I've made this suggestion before, about rusted/crusted cast iron - look up a sandblasting company in the Yellow Pages and ask if they also do "bead blasting". You do NOT want your pans sandblasted; the sand will erode the surface and leave it uncleanable.

Bead blasting, on the other hand, uses tiny glass spheres which actually smooth and polish the surface after they have knocked the corrosion/crud off the pot. 

Some of the ads in my Yellow Pages offer "antiques cleaning" and also "soda blasting" that I'm not familiar with. I've done a lot an sandblasting and bead blasting - even built my own bead blast cabinet - and it's a great way to clean delicate things.

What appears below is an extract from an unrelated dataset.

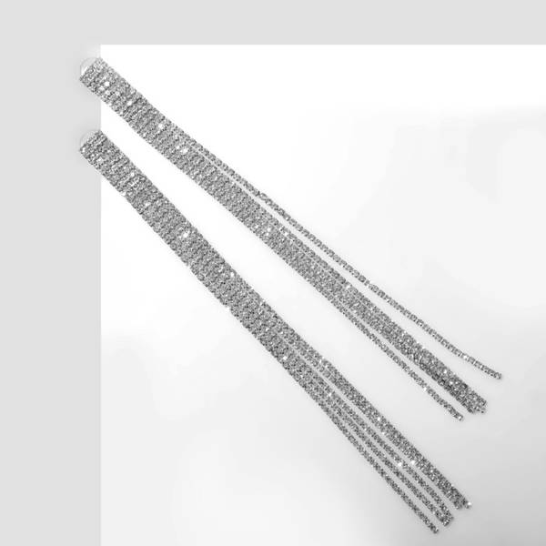Серьги со стразами «Прямоугольник» 30×9 мм, белые, цвет серебристый

That should be fast, thorough, and pretty cheap, since it only takes a couple of minutes for something the size of a skillet. 

On the other hand, we refinished a 13,000 square foot steel building by lightly sandblasting before painting, and it took 13 tons of sharp sand to do the job. Different scale.

Mike


----------



## bubba (Dec 10, 2008)

Mike, I suppose this is what they'll do since much of the blasting they do is on aluminum. They blast castings for K-C on a regular basis some of which are fairly small and light weight for use in the labs. He'll just add my pans to the next batch for the small blaster. Thanks for the comment and info.


----------



## oldschool1982 (Jun 27, 2006)

Been using the Calphalon Tri-ply for almost 5 years now. Great stuff for the price. Not a thing I could say bad about it. No broken lids, no warps, cracks or discoloring. I can also say that it's one of the best investments for the kitchen we've made. Bought the set and added a couple "extra" pieces. Still a couple I'd like to get but not in any hurry. 

The post always clean up easily, heat very evenly so I've never scorched a bottom and they do well for a nice low simmer as well. Mentioned this a couple times in other similar posts.....


----------



## bubba (Dec 10, 2008)

Ok, the resolution is I bought a 12 piece set of Cuisinart Multiclad Pro. I haven't used it much yet since I just got it but I had no problem with fried eggs and making gravy was much faster and easier than my old stuff, which I threw out. Thanks much for all the input, I appreciate it.


----------



## mikelm (Dec 23, 2000)

Bubba-

How did the Griswold pots turn out?

Mike


----------



## bubba (Dec 10, 2008)

Mike, the Griswold pans came out great, smooth and clean. I've got them reseasoned and fully functional. The guys at the body shop did a great job on blasting.


----------